REQUIRED ACTION = Could you copy the whole listing below exactly as written?

ENTRIES PROVIDED =
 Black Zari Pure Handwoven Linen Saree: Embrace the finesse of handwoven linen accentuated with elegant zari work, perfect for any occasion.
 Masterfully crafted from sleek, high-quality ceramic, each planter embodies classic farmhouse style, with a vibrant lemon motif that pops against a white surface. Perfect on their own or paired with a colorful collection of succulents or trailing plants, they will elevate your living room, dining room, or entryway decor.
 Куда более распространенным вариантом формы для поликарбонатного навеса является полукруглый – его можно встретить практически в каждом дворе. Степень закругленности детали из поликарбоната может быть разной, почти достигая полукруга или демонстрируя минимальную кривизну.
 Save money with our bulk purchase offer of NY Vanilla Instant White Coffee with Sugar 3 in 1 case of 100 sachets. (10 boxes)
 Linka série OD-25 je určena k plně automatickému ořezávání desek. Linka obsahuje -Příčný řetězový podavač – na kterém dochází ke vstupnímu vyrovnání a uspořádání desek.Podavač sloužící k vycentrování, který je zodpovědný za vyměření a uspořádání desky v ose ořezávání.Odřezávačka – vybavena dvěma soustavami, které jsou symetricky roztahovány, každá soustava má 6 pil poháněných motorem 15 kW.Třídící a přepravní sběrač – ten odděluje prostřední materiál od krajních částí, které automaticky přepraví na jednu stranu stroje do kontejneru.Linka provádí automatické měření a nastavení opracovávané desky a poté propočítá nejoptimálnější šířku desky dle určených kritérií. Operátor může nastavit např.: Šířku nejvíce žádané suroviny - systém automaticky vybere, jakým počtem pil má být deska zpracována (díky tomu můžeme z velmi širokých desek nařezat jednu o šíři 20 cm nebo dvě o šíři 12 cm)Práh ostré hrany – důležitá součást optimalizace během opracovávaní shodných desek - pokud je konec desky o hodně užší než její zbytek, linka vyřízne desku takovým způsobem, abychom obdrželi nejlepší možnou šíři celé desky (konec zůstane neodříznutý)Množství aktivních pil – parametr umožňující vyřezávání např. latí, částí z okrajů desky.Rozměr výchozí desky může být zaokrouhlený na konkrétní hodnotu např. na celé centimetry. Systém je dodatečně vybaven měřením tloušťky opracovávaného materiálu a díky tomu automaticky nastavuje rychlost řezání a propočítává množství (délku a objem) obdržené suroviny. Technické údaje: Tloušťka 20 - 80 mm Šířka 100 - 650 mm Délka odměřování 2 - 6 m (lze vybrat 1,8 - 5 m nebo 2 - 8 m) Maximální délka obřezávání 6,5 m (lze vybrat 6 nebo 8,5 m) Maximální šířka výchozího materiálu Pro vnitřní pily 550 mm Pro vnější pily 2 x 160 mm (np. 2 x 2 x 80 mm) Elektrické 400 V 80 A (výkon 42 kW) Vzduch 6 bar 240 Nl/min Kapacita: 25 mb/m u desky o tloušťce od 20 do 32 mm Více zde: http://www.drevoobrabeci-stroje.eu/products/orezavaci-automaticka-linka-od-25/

ANSWER BELOW =
 Black Zari Pure Handwoven Linen Saree: Embrace the finesse of handwoven linen accentuated with elegant zari work, perfect for any occasion.
 Masterfully crafted from sleek, high-quality ceramic, each planter embodies classic farmhouse style, with a vibrant lemon motif that pops against a white surface. Perfect on their own or paired with a colorful collection of succulents or trailing plants, they will elevate your living room, dining room, or entryway decor.
 Куда более распространенным вариантом формы для поликарбонатного навеса является полукруглый – его можно встретить практически в каждом дворе. Степень закругленности детали из поликарбоната может быть разной, почти достигая полукруга или демонстрируя минимальную кривизну.
 Save money with our bulk purchase offer of NY Vanilla Instant White Coffee with Sugar 3 in 1 case of 100 sachets. (10 boxes)
 Linka série OD-25 je určena k plně automatickému ořezávání desek. Linka obsahuje -Příčný řetězový podavač – na kterém dochází ke vstupnímu vyrovnání a uspořádání desek.Podavač sloužící k vycentrování, který je zodpovědný za vyměření a uspořádání desky v ose ořezávání.Odřezávačka – vybavena dvěma soustavami, které jsou symetricky roztahovány, každá soustava má 6 pil poháněných motorem 15 kW.Třídící a přepravní sběrač – ten odděluje prostřední materiál od krajních částí, které automaticky přepraví na jednu stranu stroje do kontejneru.Linka provádí automatické měření a nastavení opracovávané desky a poté propočítá nejoptimálnější šířku desky dle určených kritérií. Operátor může nastavit např.: Šířku nejvíce žádané suroviny - systém automaticky vybere, jakým počtem pil má být deska zpracována (díky tomu můžeme z velmi širokých desek nařezat jednu o šíři 20 cm nebo dvě o šíři 12 cm)Práh ostré hrany – důležitá součást optimalizace během opracovávaní shodných desek - pokud je konec desky o hodně užší než její zbytek, linka vyřízne desku takovým způsobem, abychom obdrželi nejlepší možnou šíři celé desky (konec zůstane neodříznutý)Množství aktivních pil – parametr umožňující vyřezávání např. latí, částí z okrajů desky.Rozměr výchozí desky může být zaokrouhlený na konkrétní hodnotu např. na celé centimetry. Systém je dodatečně vybaven měřením tloušťky opracovávaného materiálu a díky tomu automaticky nastavuje rychlost řezání a propočítává množství (délku a objem) obdržené suroviny. Technické údaje: Tloušťka 20 - 80 mm Šířka 100 - 650 mm Délka odměřování 2 - 6 m (lze vybrat 1,8 - 5 m nebo 2 - 8 m) Maximální délka obřezávání 6,5 m (lze vybrat 6 nebo 8,5 m) Maximální šířka výchozího materiálu Pro vnitřní pily 550 mm Pro vnější pily 2 x 160 mm (np. 2 x 2 x 80 mm) Elektrické 400 V 80 A (výkon 42 kW) Vzduch 6 bar 240 Nl/min Kapacita: 25 mb/m u desky o tloušťce od 20 do 32 mm Více zde: http://www.drevoobrabeci-stroje.eu/products/orezavaci-automaticka-linka-od-25/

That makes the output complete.